Ant writes "CNET News.com says habitual activity (e.g., smoking, eating fatty foods, gambling, etc.) changes neural activity patterns in a specific region of the brain when habits are formed. These neural patterns created by habit can be changed or altered. But when a stimulus from the old days returns, the dormant pattern can reassert itself, according to a new study from the M.I.T., putting an individual in a neural state akin to being on autopilot... The neural patterns get established in the basal ganglia, a brain region critical to habits, addiction and procedural learning."

10 of 231 comments (clear)

  1. mystery solved, I hope this isn't hopeless by yagu · · Score: 3, Interesting

    Disclaimer: posting on slashdot is a hard habit to break... I can't stop.

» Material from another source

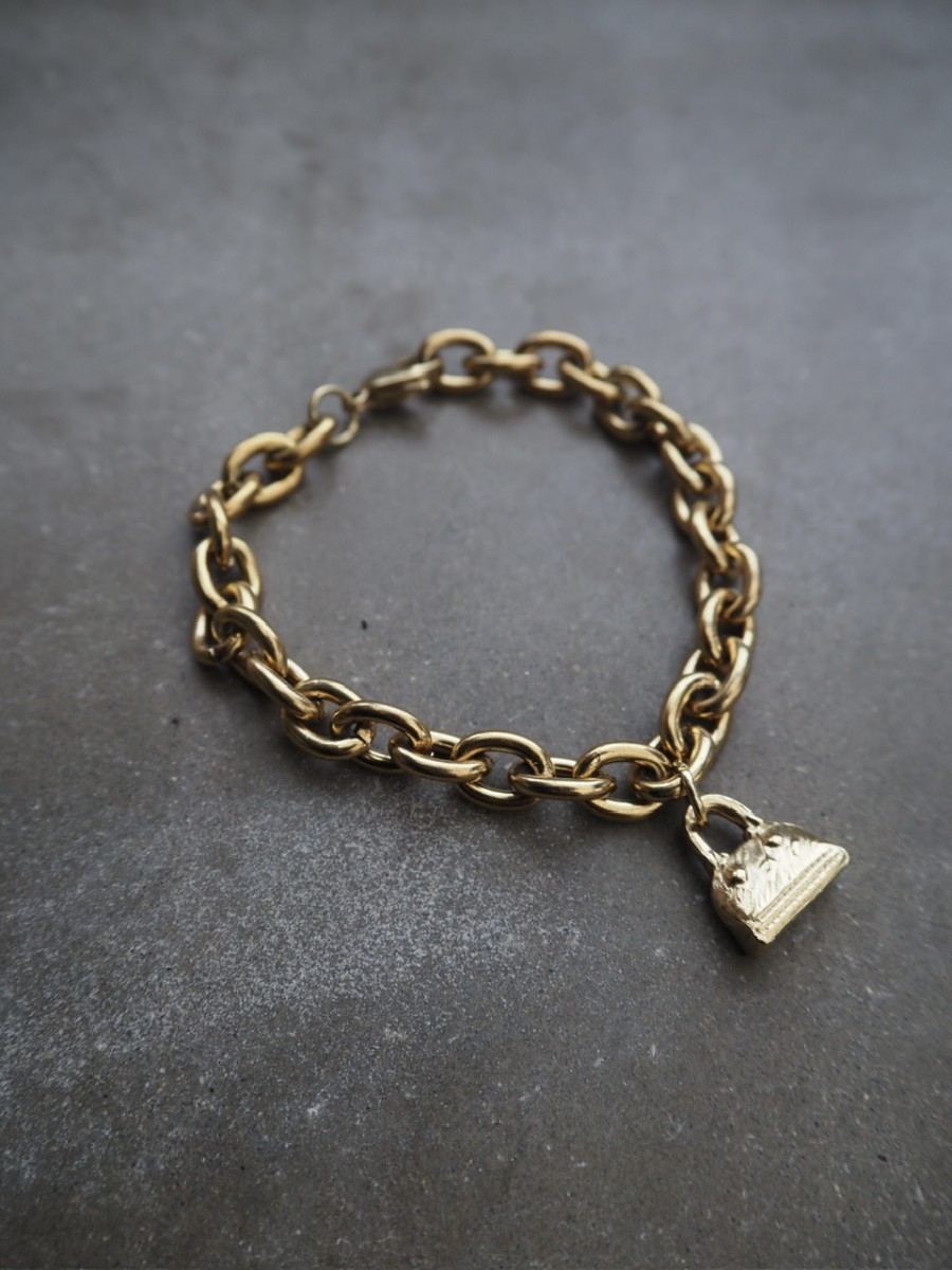Armbandet My Bag- ett lekfullt och snyggt armband som kan användas dagligen. Fäst låset vart du vill i kedjan efter just din handled, så passar det perfekt. My Bag är fint att bära solo eller mixa med andra armband. Matcha med örhängena Glam spikes Gold

    Interesting article, but a little thin on details. But if true in some ways I sigh in relief cuz it helps explain:

    • why I always jump to make an early slashdot post
    • why I always used bulleted lists in my posts (check it out!)
    • why "You" always mod me troll or flamebait
    • dupes
    • why I edit everything with vi(m)
    • why crime show dramas beget crime show dramas (just how many nights a week are CSI and Law and Order on these days?)
    • why the Yankees are a perennial playoff team
    • why the Cubs never make the World Series
    • why Larry King marries wife #X
    • why Donald Trump fires Apprentice #X
    • why Steve Ballmer throws chairs across the room
    • why Bob Dylan mumbles instead of sings (kidding)
    • why people wait at all costs and discomfort to get home and take a dump

    Another mystery solved perhaps.

    My followup question is, is it possible to break these patterns, ever? Or are we destined for eternity to be creatures of our own habits? Should we stop buying self-help books?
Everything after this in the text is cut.